14K views 78 replies 20 participants last post by  Chevrolet4x4s  
#1 ·
Well This is my first thread on this bbs, but Im normally on other bbs's, check my sig... Anyways,

My name is Andrew, Im 17 (you'll hear from my dad alot as well... he's helped me through this alot, especially with the engine, he was a mechanic for 10 years, but we just cant figure this one out...), I have recently put a 350 SBC into my Porsche 914. Check my sig for 2 threads, one of pics, and one of my progress. Anyways, after you spent 4 hours reading that.. lol..

Anyways, my question.. My car is 2300 lbs, the engine should make 250hp at least (we just rebuilt it, and properly broke in the cam, and have tried to break in the rings..) Anyways, it should be fast, no? lol It feels like about 100 hp full throttle max.
Well its slow, above 1/4 or so throttle that is. Below that the engine is very responsive, and has alot of torque, but get above 1/4 throttle and it makes a very strong working noise, but doesnt go very fast.
Let me give you some info on the engine. Its a 350 with a .030 bore, I have a mild cam in it to raise the tq band to 2500-6500 (my trani can only hold 300 tq, mainly from "impact" driving, like burnouts and launches, which I will avoid to the best of my ability, so raising the tq will help this) I have 2 carbs, a Holley 650 and a Qjet. The dizzy is a HEI dizzy vacume advance, which we purchased new. The exhaust is what I would call a "stock" exhaust, a cat with a truck muffler.... quiet.. (I have headers, and I will put some new corvette mufflers on it) I have the stock intake manifold on it, but I also have a performer RPM intake. The spark wires are well... stock ish. there were some bad looking wires and we got some used wires at a swap meet and are using those. errmm... 9 to 1 compression.. basicly a stock bottom end with a mild cam....
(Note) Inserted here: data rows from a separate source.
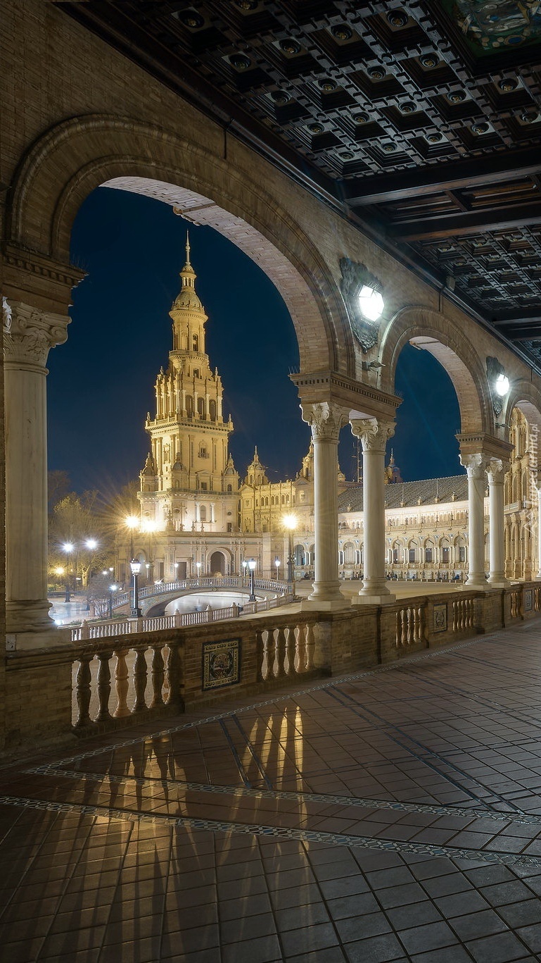 Edytor tapety: Oświetlony Plac Hiszpański w Sewilli
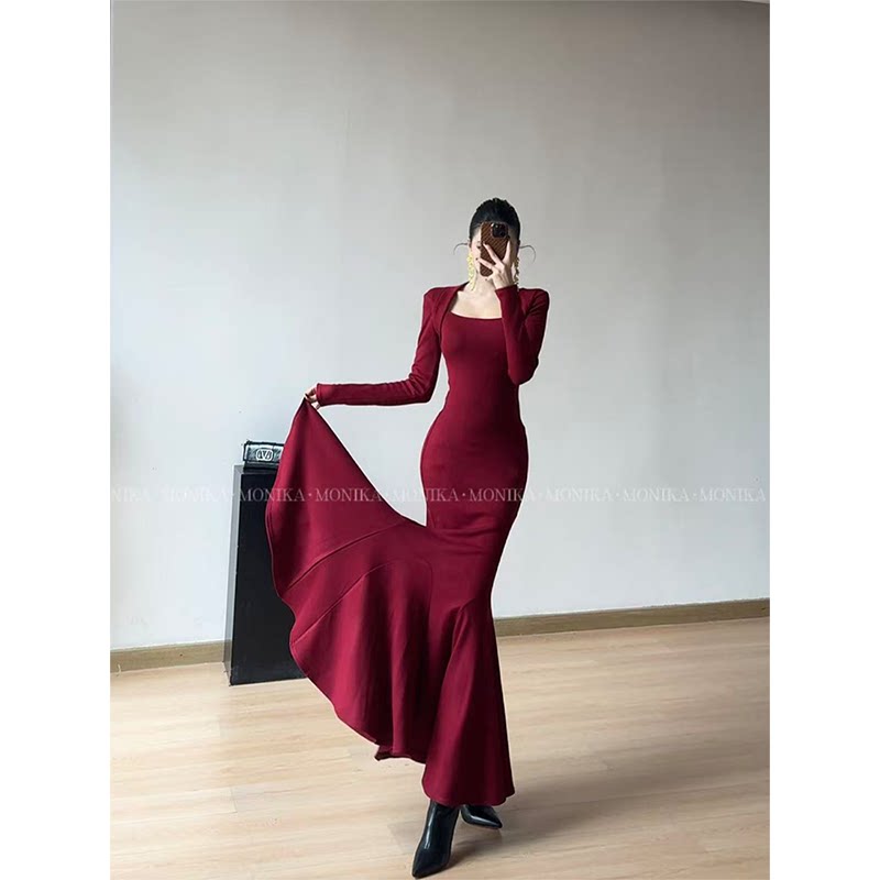 秋冬方领步步生莲鱼尾新款 气质性感长裙25168 黑底步步生莲
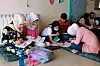 VEILEDNING: Engelsklæreren Zeina (med blått munnbind) hjelper 9. klasse med å skrive sine egne tekster i engelsk.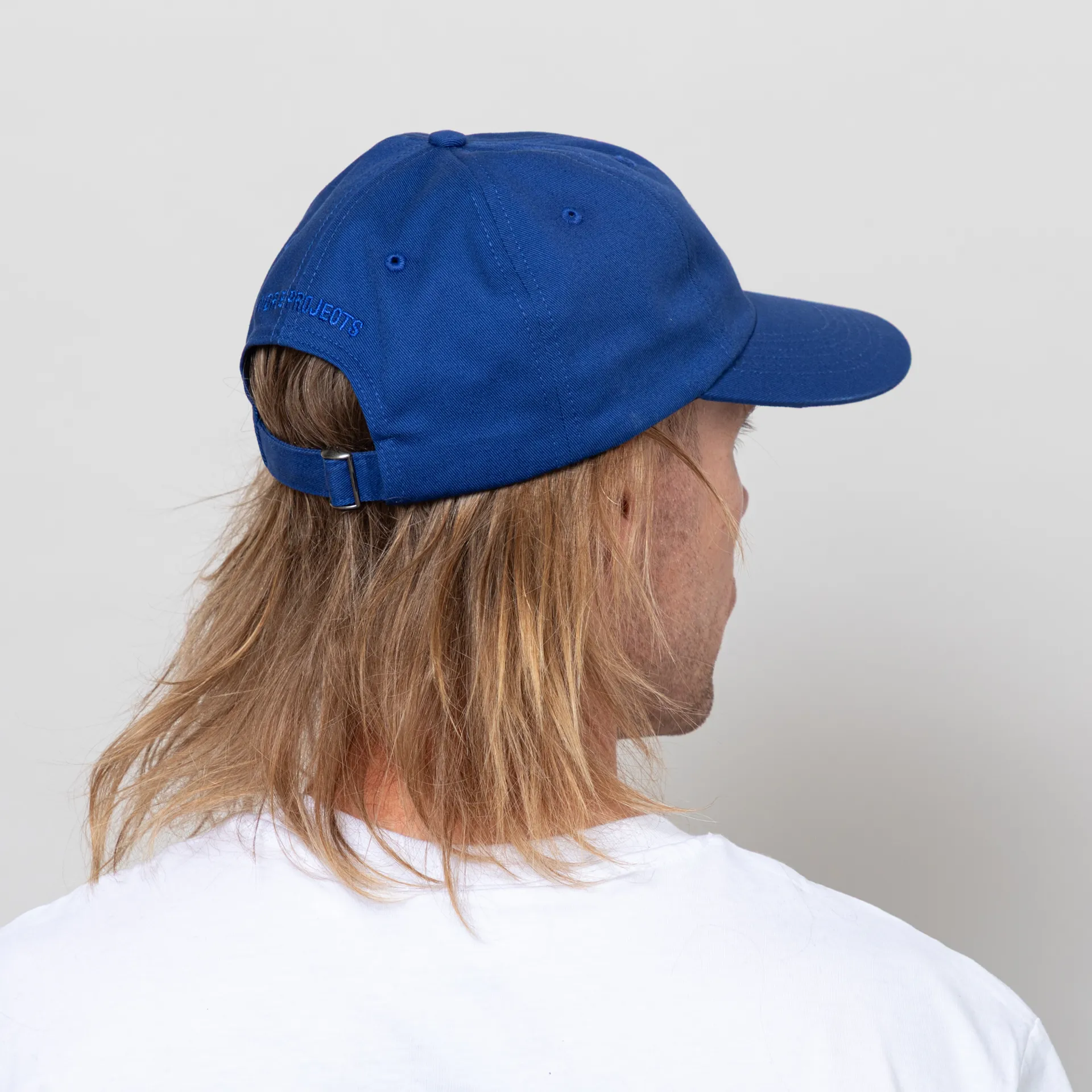 A cap from Norse Projects made in the USA from 100% cotton twill with an embroidered logo to the front and script to the back, above an adjustable strap.

Thats about all I can think of..
To recap the car is slow, and only on over 1/4 throttle. Its hard to time the engine.. (we cant really see the timing mark, lol))
Here are our thoughts on the possible problems..

1) Internal engine problems.
2) Secondaries not opening. (ruled out with changing carbs)
3) Plugged Cat and/or muffler
4) flapper valve on the one exhaust manifold closing somehow forcing all exhaust thru the intake and out the other exhaust.
5) Distributor to far advanced or retarded
6) Completly mismatched engine components killing all HP.

Oh, and if anyone can tell me where to hook up the vacume advance on a Qjet and a Holley 650 that would be nice!

Thanks all!
Andrew
 
#2 ·
I'd get some quality plug wires. You don't need expensive MSD or mallory or accel, but Bosch or a good OEM replacemt will do. I don't recommend the cheap china wires though.

With that and some tuning, it should (I hope) respond a little better than a stock 350 since it's bored (now it's a 355), and the cam. When all is well there, then I'd put on the intake manifold and headers. If you don't have the corvette mufflers yet, I'd go with some dynomax mufflers, but the corvette pieces sound interesting...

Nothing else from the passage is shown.